Highlights: What Real Estate Big Wigs Have to Say About Brooklyn and Its Future

Posted On Wed, September 17, 2014 By

Posted On Wed, September 17, 2014 By In Events, opinion, real estate trends

Brooklyn real estate is hot, very hot, and there’s no cooling off in sight, according to most speakers at yesterday’s sold-out Brooklyn Real Estate Summit, sponsored by Massey Knakal and held at the Brooklyn Museum. From Billy Macklowe to David Shorenstein and Jonathan Rose, get the run-down of what the industry’s leading pundits have to say about BK real estate.
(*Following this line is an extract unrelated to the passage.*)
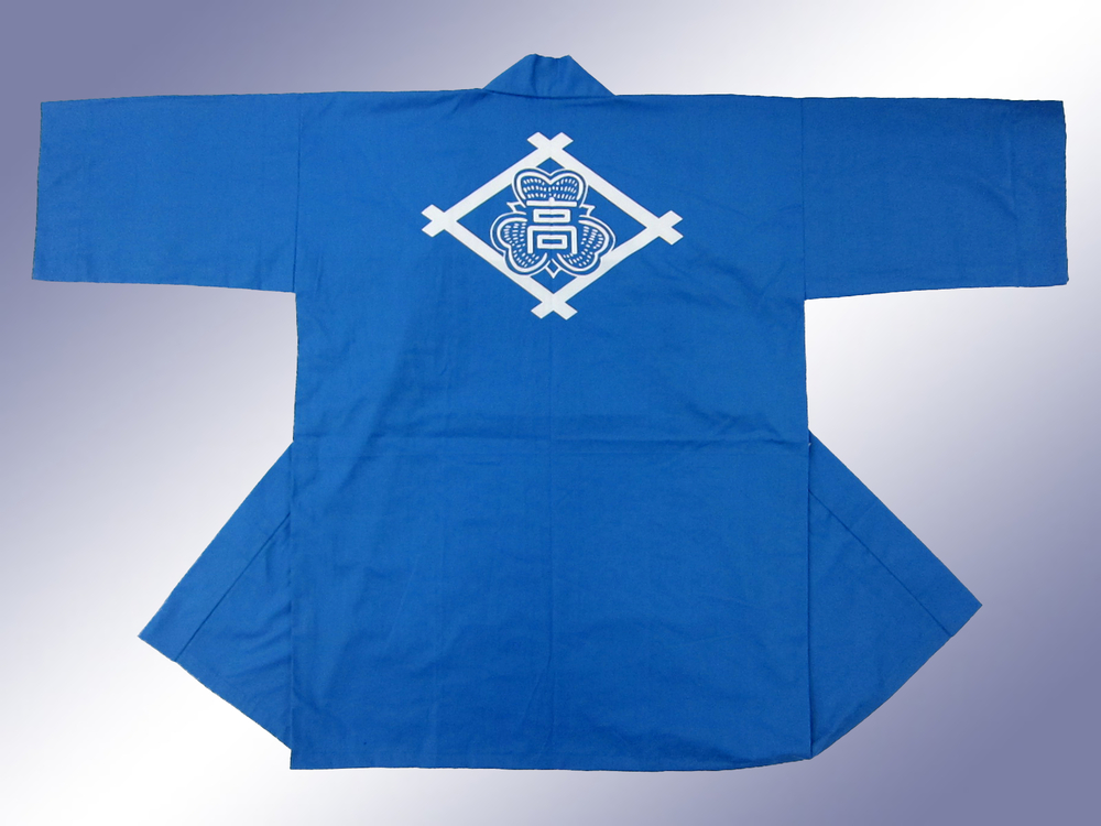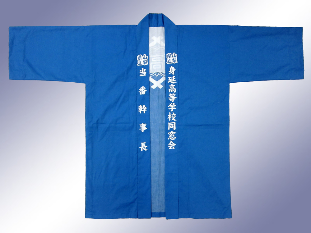 何十年ぶりの再会に向けてお揃いオリジナル法被を作成いただきました。90cmの長法被で生地は通常の綿生地よりもやや軽めの60ブロードです。デザインは校章をデザイン化した背紋であえてシンプルにいたしました。カラーも独特なブルーグレーで落ち着いたイメージが良いですね。

  • Deputy Mayor for Housing Alicia Glenn told the 700 or so real estate executives attending the conference that they can’t build housing that needs rezoning or special permits without including an affordable housing component and that the city needs to take a “fresh look at its residential parking regulations.”
  • Paul Travis, managing partner of Washington Square Partners said that the Fulton Mall “is re-establishing itself as a top retail location” and will soon have Brooklyn’s first new movie theater in many years and “the largest food mall in the city.”
  • Andrew Barrocas, Chief Executive Officer of MNS, said that there has been “tremendous residential growth and that “hybrid” projects that combine rental and condo units are becoming popular with developers.
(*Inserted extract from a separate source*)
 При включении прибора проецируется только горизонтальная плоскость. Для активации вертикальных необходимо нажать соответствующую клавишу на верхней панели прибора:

  • Billy Macklowe, chief executive office of William Macklowe Properties told the meeting that the commercial real estate market in Brooklyn is “underserved” and is an “extremely tight market,” adding that “at some point you will see major companies taking space.” Brooklyn, he noted, is now a lifestyle, adding that he recently saw a sign in a Chelsea store that a product was “made in Brooklyn.”
  • MaryAnne Gilmartin, President and CEO of Forest City Ratner, said that there has been a recent “change in the profile of Brooklyn,” which is “not just back office,” adding that New York University is looking to expand in the borough and that new Chinese investors “understand our business.”
  • In a different session, Asher Abehshera, the founder of LIVWRK, maintained that “there is not enough office space in Brooklyn” and that his five-building complex known as Dumbo Heights will have skywalks and is “in a prime sweet spot of DUMBO.”
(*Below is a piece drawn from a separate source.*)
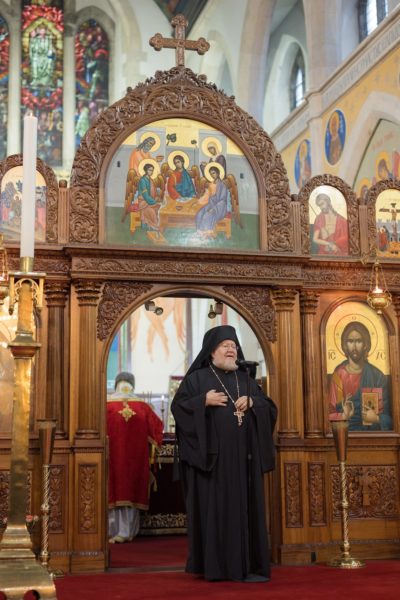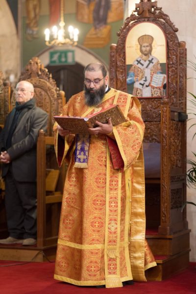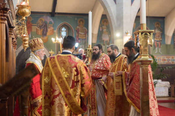 Συλλειτούργησε ο Θεοφιλέστατος Επίσκοπος Κλαυδιουπόλεως κ. Ιάκωβος. Συμμετείχαν δε οι Πανοσιολογιώτατοι Αρχιμανδρίτες π. Βησσαρίων Κοκλιώτης, Προϊστάμενος του Ναού, και π. Χριστόδουλος Κοκλιώτης, οι Αιδεσιμολογιώτατοι Οικονόμοι π. Δρ. Κρίστιαν Άξελμπεργκ και π. Νικόλαος Κόκκινος. Διηκόνησε και ο Πανοσιολογιώτατος Αρχιδιάκονος Δρ. Γεώργιος Τσουρούς.

  • David Shorenstein, a co-founder of Silvershore Properties, sold another session that “Brooklyn has so many neighborhoods” that it is not hard “get in on the upswing” and “ride the wave up” whereas there is no way you can do that in Manhattan.
  • While many people focus on trying to attract tech tenants, Jonathan Rose, president of the Jonathan Rose Companies, told his session that his phone “is ringing off the hook” from cultural non-profits especially in the neighborhood about the Brooklyn Academy of Music whose patrons used to come primarily from Manhattan but in the late 70s and early 80s abut now come from London and Europe.
  • And while the de Blasio administration is concentrating on affordable housing, the federal government is cutting back on such funding, Mr. Rose observed, adding that he was concerned that the very successful 421 Program is expiring next June and “it’s really important for all of us” to focus on that before it ends.